According to Mr. Ratliffe, Mr. McCaw has a history of buying and selling planes, and "slots," a customer's place in
line to receive the next completed plane.

The recent transactions were provoked in part by the billionaire's changing preferences for airplanes, his
spokesman said. But an airplane broker who tracked the transactions noted that Mr. McCaw was selling planes far
more rapidly than he has in the past.

A collection of rare California wines, some with vintages from the 1960's, was also sold recently.

"The house Mr. McCaw used to own, had a wine cellar, and the new house does not," Mr. Ratliffe explained.
"Anyway, he does not drink, and the sale is immaterial." The collection's value was estimated at $200,000.

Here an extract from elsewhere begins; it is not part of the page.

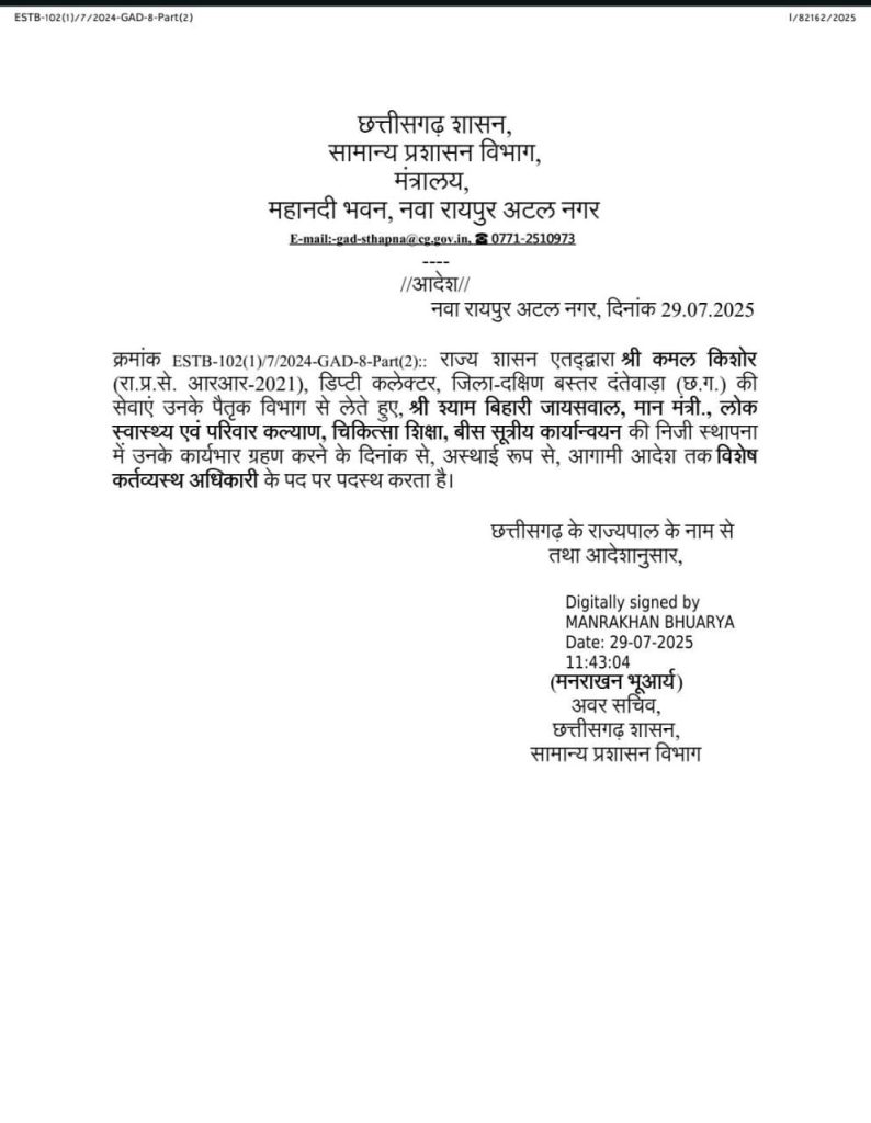 रायपुर। राज्य शासन द्वारा महत्वपूर्ण प्रशासनिक आदेश जारी करते हुए डिप्टी कलेक्टर कमल किशोर (जिला- दक्षिण बस्तर दंतेवाड़ा) को स्वास्थ्य मंत्री राम बिहारी जायसवाल के लिए विशेष कर्तव्य अधिकारी (OSD) के रूप में अस्थायी रूप से आगामी आदेश तक पदस्थ किया गया है।

The two telecommunications companies in which Mr. McCaw has focused his investments Nextel Communications
and XO Communications are under enormous financial pressure.

He also controls ICO Global Communications (news/quote), a satellite company he bought out of bankruptcy in
June 2000, and Teledesic, another satellite operation.

The outlook for XO Communications, which began as Nextlink Communications, is especially grim. The firm
started as a developer of fiber optic networks that provided phone and data services to business customers and
subsequently bought radio spectrum from the government and from an Internet access company.

XO will need to raise $750 million by 2003, said Aryeh Bourkoff, an analyst at UBS Warburg, who also said the
company's roughly $4 billion in bonds are trading at about 25 cents on the dollar. "The stock is unlikely to recover,"
Mr. Bourkoff said, "until the company closes that funding gap."

Investors' concerns notwithstanding, Mr. McCaw remains optimistic, Mr. Ratliffe said. "XO has not missed their
numbers," unlike others in the industry, he said. "We continue to have faith in management's ability to perform in line
with expectations."

Nextel, one of the nation's largest wireless companies, was taken over by Mr. McCaw in 1995 when it was facing
financial pressure and needed financing. The company has grown since, but the stock has plummeted on investor
fears that its $16 billion of debt and additional capital requirements will hobble its operations.

Fred Moran, a telecommunications analyst at Jeffries & Company, said the stock was down even as shares in rival
companies, like Sprint PCS, have risen. Mr. Ratliffe said the company was in no danger of defaulting on its debt.

Last year, Mr. McCaw gave 5.9 million Nextel shares about 11.5 percent of his stake to ICO Global
Communications, a satellite telecommunications concern that he controls. The arrangement generated $350 million
for the company.

Mr. McCaw's wife, Susan, a Harvard Business School graduate, is behind some of the recent downsizing, Mr.
Ratliffe said. The couple has two children, he noted, and an island does not suit the family's needs. A more modest
lifestyle is what Mrs. McCaw prefers, he said.